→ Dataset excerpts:
[Start of section]

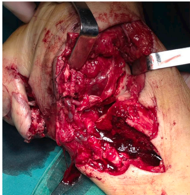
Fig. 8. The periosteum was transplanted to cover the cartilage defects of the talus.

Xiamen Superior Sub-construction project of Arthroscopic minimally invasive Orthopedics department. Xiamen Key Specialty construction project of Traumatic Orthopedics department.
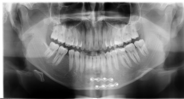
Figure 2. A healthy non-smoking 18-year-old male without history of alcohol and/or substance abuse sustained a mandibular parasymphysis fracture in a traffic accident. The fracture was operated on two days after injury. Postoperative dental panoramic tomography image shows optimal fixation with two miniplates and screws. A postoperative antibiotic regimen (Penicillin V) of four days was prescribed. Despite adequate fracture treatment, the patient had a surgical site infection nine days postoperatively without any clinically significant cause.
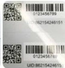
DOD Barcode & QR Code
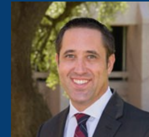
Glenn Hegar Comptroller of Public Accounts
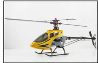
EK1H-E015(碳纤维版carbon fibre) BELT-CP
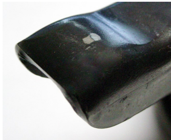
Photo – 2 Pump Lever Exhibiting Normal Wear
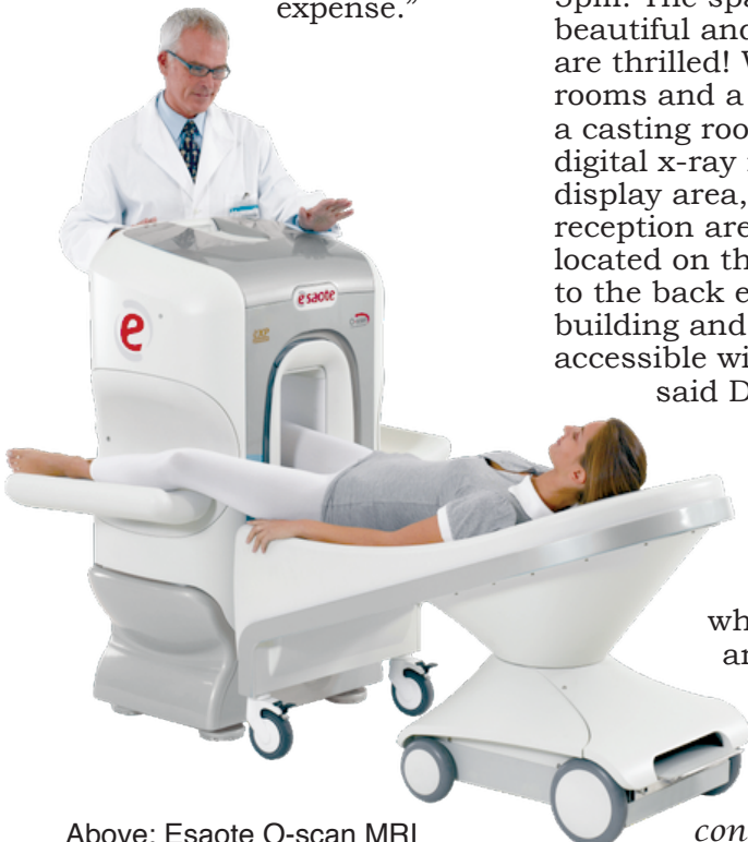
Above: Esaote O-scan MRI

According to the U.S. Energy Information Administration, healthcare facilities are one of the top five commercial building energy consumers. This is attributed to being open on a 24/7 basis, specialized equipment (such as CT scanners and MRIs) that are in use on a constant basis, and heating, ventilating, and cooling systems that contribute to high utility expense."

[End of section]

→ EXERCISE DIRECTIONS: For this exercise, return exactly the lines above from the line with "Photo – 2 Pump Lever Exhibiting Normal Wear" through the line with "Above: Esaote O-scan MRI", both included. Do not copy the pictures.

→ SOLUTION TO THIS PROBLEM:
Photo – 2 Pump Lever Exhibiting Normal Wear
Above: Esaote O-scan MRI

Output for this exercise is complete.